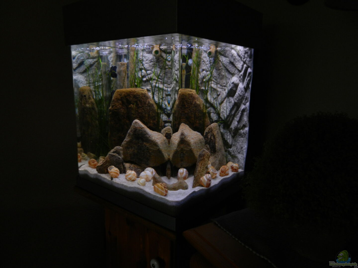 3 D Strukturrückwand Juwel Stone Lime (auf die Ma??e des Beckens zugesägt) und von innen an die Rückscheibe geklebt. Moorkienholz kleine Sandsteinbrocken
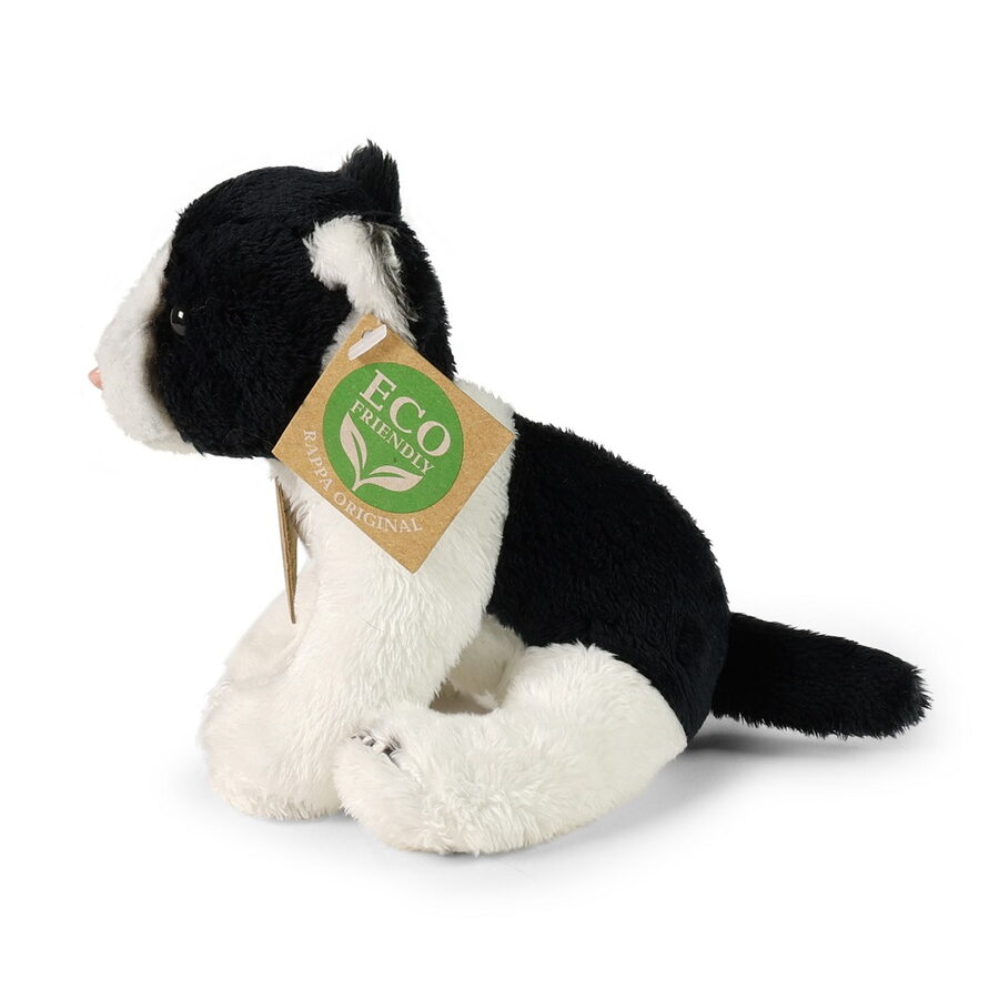 Rappa Plyšová kočka sedící černo-bílá 14 cm ECO-FRIENDLY
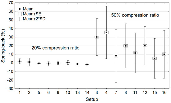 Immediately after the press was opened, the thickness of each sample was measured to evaluate spring-back. Spring-back provides information about the immediate elastic recovery caused by the shape memory effect of the cells. This memory effect can pose a significant issue when densified wood is exposed to water or high-humidity environments. Figure 11 presents the spring-back results across the 16 experimental setups, categorized by the densification ratio.
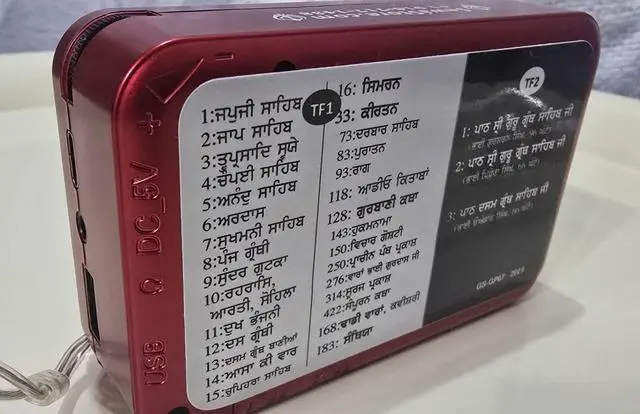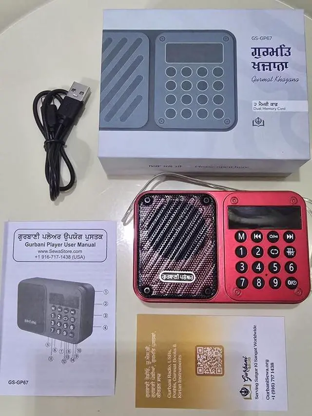 Gurbani players with 2 memory cards, first memory card contains all the Gurbani (Nitname, Sukhmani Sahib, Kirtan, Simran, Katha Dhadi Vaaraan) contents and second memory card contains the Sampooran Sehaj Paath. This player allows easy switch between the two memory contents remembering the last play position. Contents include 1 Gurbani Player 1 USB-C charging cable 1 Operational manual
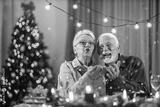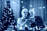 A jolly senior couple is celebrating christmas and new year's eve at home with confetti.
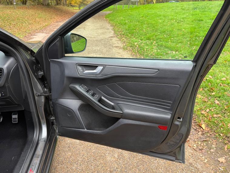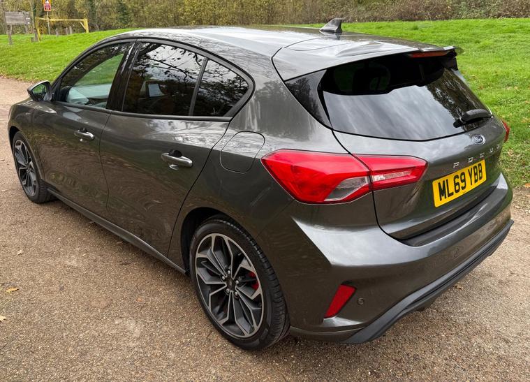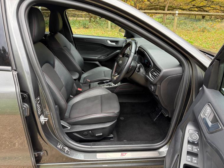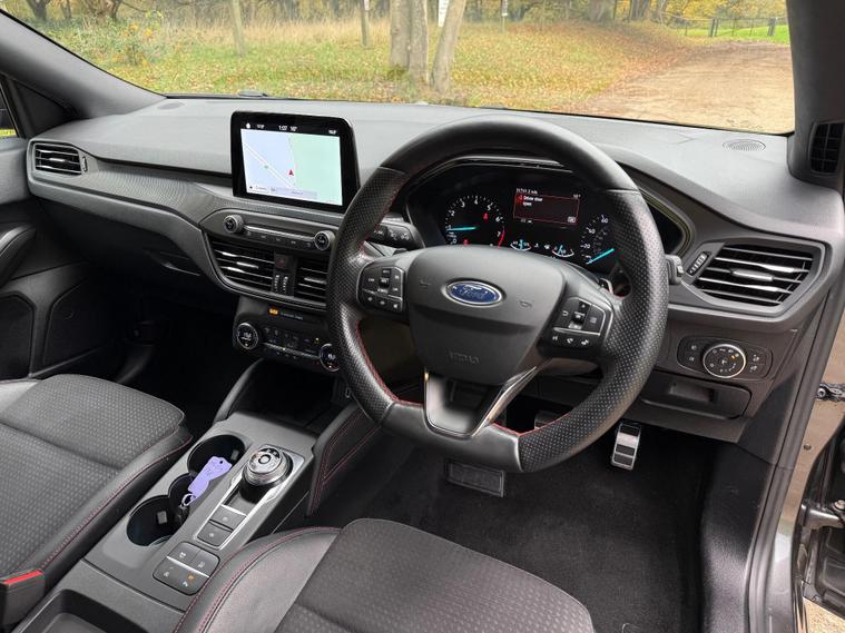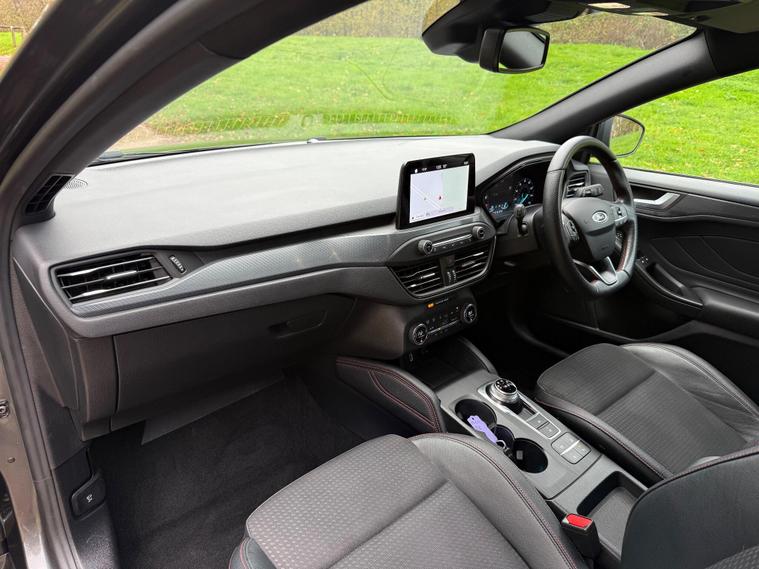 This 2019 Ford Focus ST-Line X presents an exceptional opportunity with its remarkably low mileage of just 31, 700 miles, a clear vehicle history check, and a powerful 1.5L petrol engine. As a Euro 6 compliant model, it combines performance with efficiency. The ST-Line X trim level ensures a sporty aesthetic and a host of desirable features, including a convenient 2nd load floor for added practicality.Experience enhanced comfort and connectivity with this Focus. The DEATC dual-zone electronic automatic temperature control allows for personalised cabin climate, while the Ford SYNC3 DAB Navigation System, compatible with Android Auto and Apple CarPlay, keeps you informed and entertained on every journey. For those chilly mornings, the driver and passenger heated seats offer welcome warmth. The impressive 0-62mph acceleration in just 8.4 seconds highlights its dynamic driving capabilities, setting it apart from other vehicles in its class. Front and rear parking sensors, along with parking assistance, make manoeuvring in tight spaces effortless..
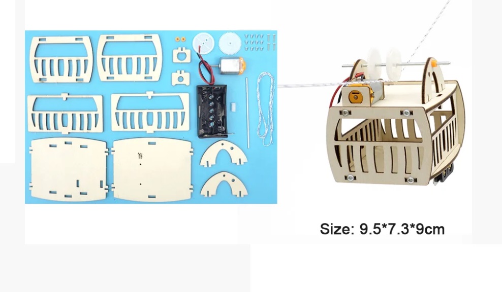 Kit de proyecto estudiantil para ensamblar un teleférico panorámico que pone a prueba tus capacidades de electrónica básica y apoya al desarrollo del aprendizaje en el mundo de la robótica y la automatización.
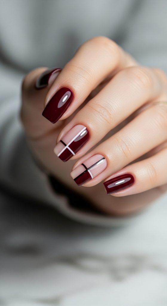 Geometric nail designs are perfect for those who love modern, clean aesthetics. Combining burgundy with nude tones in geometric patterns creates a chic and luxurious manicure that is both stylish and versatile.
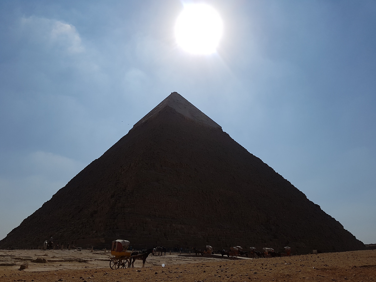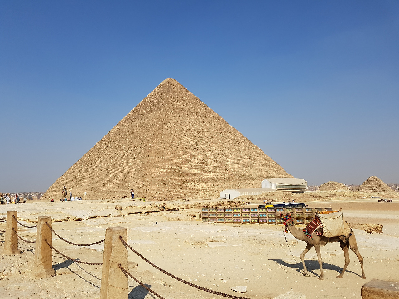 입장권을 산 뒤 유적지로 들어서자마자 기자 피라미드에서 규모가 가장 크다는 '쿠푸왕의 대피라미드'가 위엄 넘치는 자태를 드러냈다. 높이 147m에 기반이 되는 정사각형 한 변의 길이가 무려 230m나 되는 거대한 피라미드 앞에 서니 스스로가 작은 개미같이 느껴졌다.
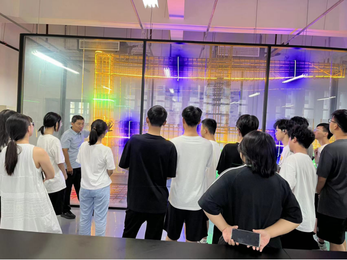 戚瑷娜带领同学们参观楼宇智能化工程实训系统。实训装置模拟了实际的建筑场景,为学生提供了接近工程现场的实训环境。同时向同学们介绍了楼宇智能化设备监控系统,让他们了解先进的传感器技术、自动化控制技术和通信技术是如何实现对楼宇设备的实时监测、控制和优化管理的。

◆ **Task prompt**: Quote the records above exactly, from the first line through the line containing "Rappa Plyšová kočka", and leave out the pictures.

◆ **Task answer**:
 3 D Strukturrückwand Juwel Stone Lime (auf die Ma??e des Beckens zugesägt) und von innen an die Rückscheibe geklebt. Moorkienholz kleine Sandsteinbrocken
 Rappa Plyšová kočka sedící černo-bílá 14 cm ECO-FRIENDLY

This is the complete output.